A source emitting electromagnetic signals with proper frequency `omega_(0) = 3.0.10^(10)s^(-1)` moves at a constant velocity `v = 0.80c` along a stright line separated from a stationary observer `P` by a distance `l` (Fig.) Find the frequency of the singnals perceived by the observer at the moment when
(a) the source is at the point `O`,
(b) the observer sees it at the point `O`.

(a) If light is received by the observer at `P` at the moment when the source is at `O`, it must have been emitted by the source when it was at `O'` and travelled along `O'P`. Then if `O'P = ct, O'O = vt`
and `cos theta = (v)/(c ) = beta`
In the frame of the observer, the frequency of the light is `omega` while its wave vector is
`(omega)/(c )(cos theta, sin theta,0)`
we can calculate teh value of `omega` by relating it to proper frequency `omega`. The relation is
`omega_(0) = (omega)/(sqrt(1-beta^(2))) (1-beta cos theta)`
(To derive the formula is this from it is easiest to note that `(omega)/(sqrt(1-v//c)^(2)) -(overset rarr(k).oversetrarr(v))/(sqrt(1-v^(2)//c^(2)))` is an invarant which takes the value `omega_(0)` in the rest frame of the source).

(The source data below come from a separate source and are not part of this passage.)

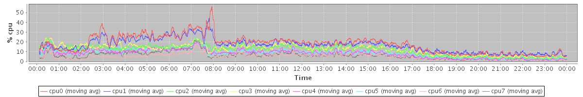 avg(cpu0) = 17.93 avg(cpu1) = 16.60 avg(cpu2) = 11.75 avg(cpu3) = 12.36 avg(cpu4) = 8.23 avg(cpu5) = 8.84 avg(cpu6) = 5.10 avg(cpu7) = 6.14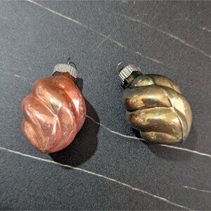 Shiny Brite Xmas Ornaments Pair Swirl Style Gold & Pink Glass Vintage 2"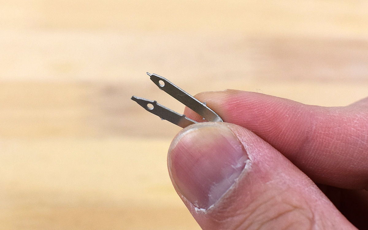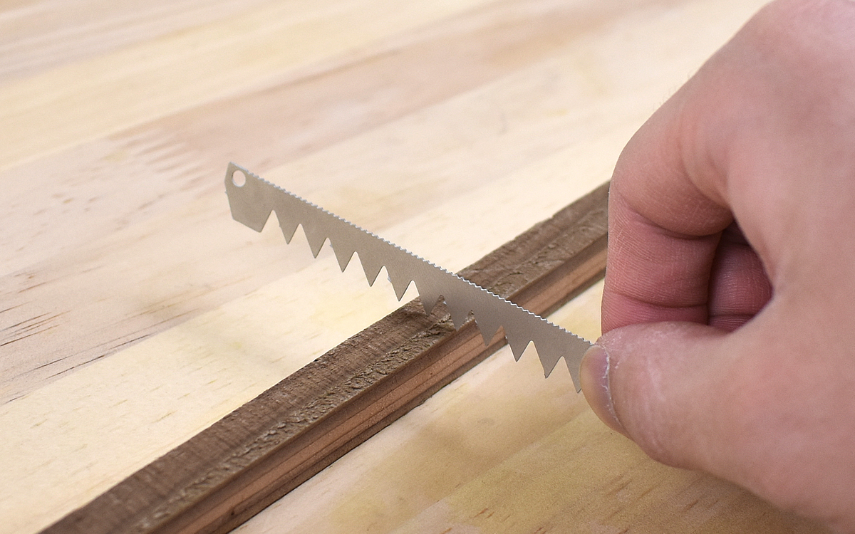 ギザギザ部分の正体は“ノコギリ”。カード状にまとまっている各種機能を分解して使う仕組みで、各部品を簡単に手で切り離すことができました。試しにノコギリ(大)の部分を分解して使ってみると、想像以上の扱いやすさにびっくり。写真のような細かい作業に適しており、“小枝を切る”などの場面で活躍します。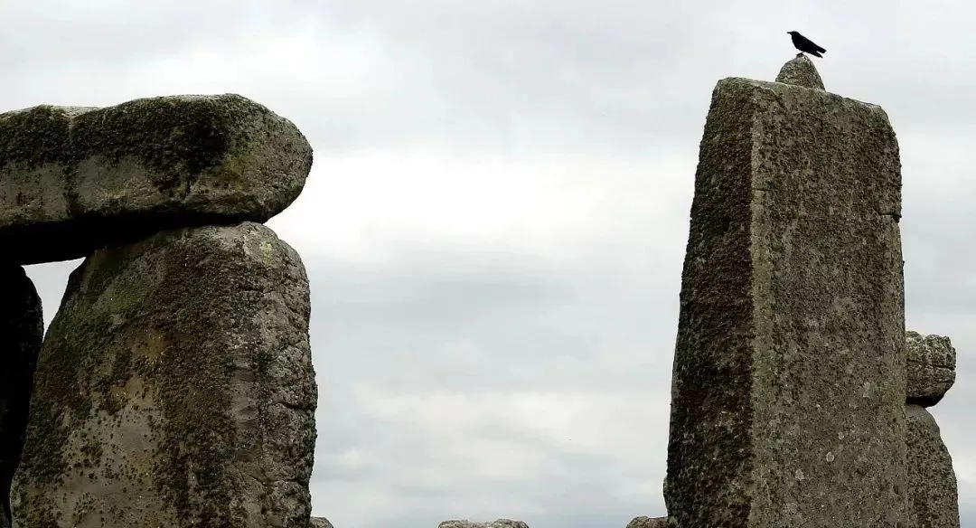 巨石阵旁边的鸟因为逆风根本飞不走!只能呆在草地上,或者被大风吹得往后飞...

Thus `omega = (omega_(0)sqrt(1-beta^(2)))/(1-beta^(2)) = (omega_(0))/(sqrt(1-beta^(2))) = 5 xx 10^(10) sec^(-1)`
(b) For the light to be received at the instant observer see the source at `O`, light must be emitted when the observer is at `O` at `90^(@) = theta`
Then as before `omega_(0) = (omega_(0))/(sqrt(1-beta^(2)))` or `omega = omega_(0) sqrt(1-beta^(2)) = 1.8 xx 10^(10) sec^(-1)`
In this case the observer will receive light along `OP` and he will ''see'' that the source is at `O` even through the source will have moved ahead at the instant the light is received.